Such a simplified structure, though, would both speed up payments and reduce retailers' costs. Banks' merchant charges are a common cause of complaint among retailers, while being paid in real time, rather than waiting up to three working days to receive payment, would enable them to drastically improve their cashflow.

Birch was speaking exclusively to Computing at the Payments Council conference in London today.

"You are beginning to see the opening shots fired in the war between the payment schemes and the banks," he said.

Retailers are questioning why they should conduct their electronic payments through the traditional payments systems, he said, which was justified in 1959 when a specialist network was required to link shops to the banking system, but not today, when everyone has access to the internet.

Merchants, he said, were asking: "Why do we need acquirers, processors, Switch, Visa, Mastercard? The merchants don't want all that stuff," said Birch.

"What they really want is, if you go into Tesco, you run your Tesco app [on your smartphone], which has all your coupons and offers. When you go to pay, you punch in your PIN and it's done.

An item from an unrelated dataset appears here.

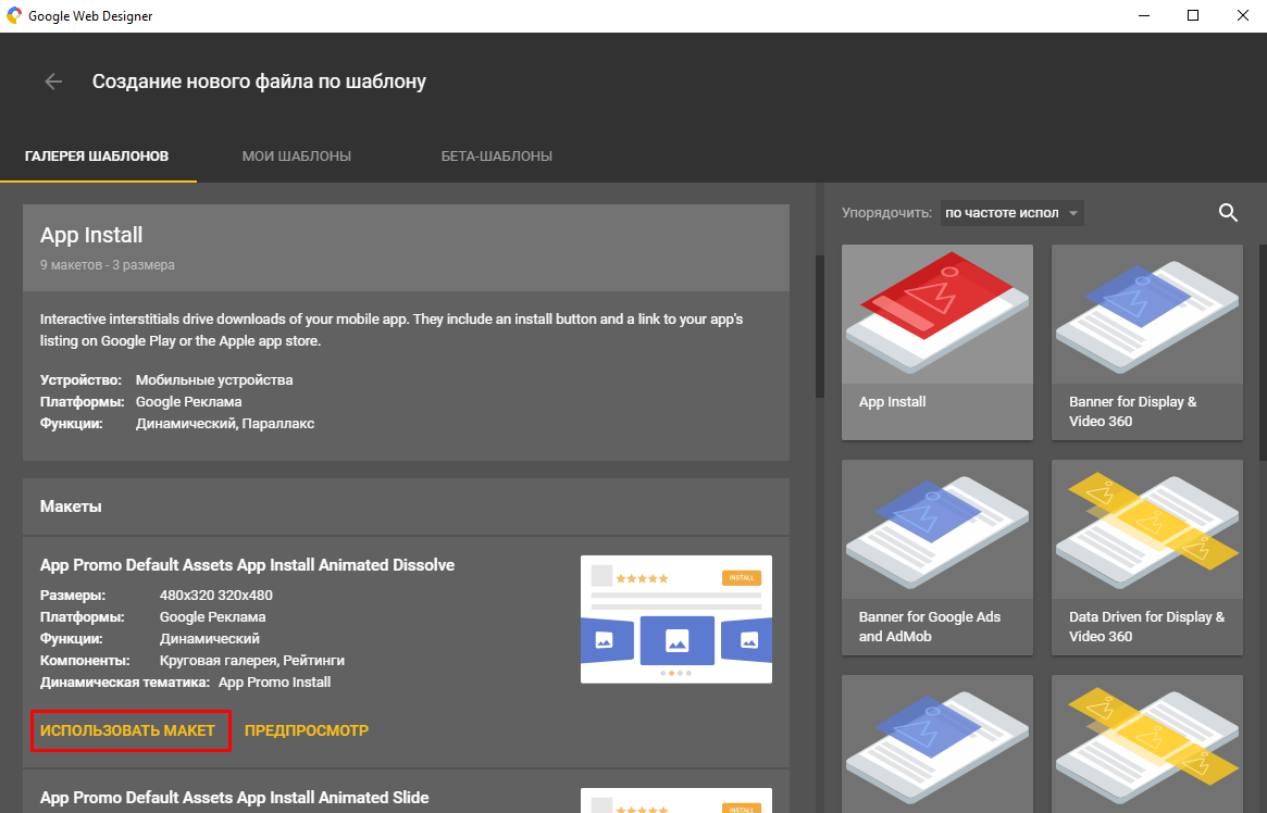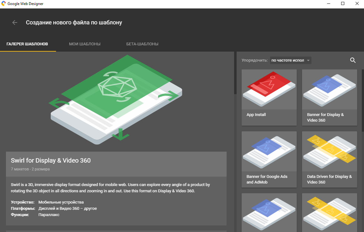 Google порадовал нас бесплатным редактором, специально созданным для реализации html-баннеров. Google Web Designer полностью заточен на реализацию рекламы, основной уклон которой направлен на AdWords. Если мы посмотрим на окно создания нового файла, заметим, что в программу уже встроены размеры шаблонов рекламы.

"It goes directly through FPS [the Faster Payments System] and when you hit 'okay', there's a FPS push and the credit goes directly from your bank account to Tesco's bank account within a few micro-seconds," said Birch.

Visa and Mastercard, he concluded, "are going to have to come up with some value-added services to justify their charges because otherwise the retailers will prefer to go straight to the bank account", cutting out traditional payment processors. 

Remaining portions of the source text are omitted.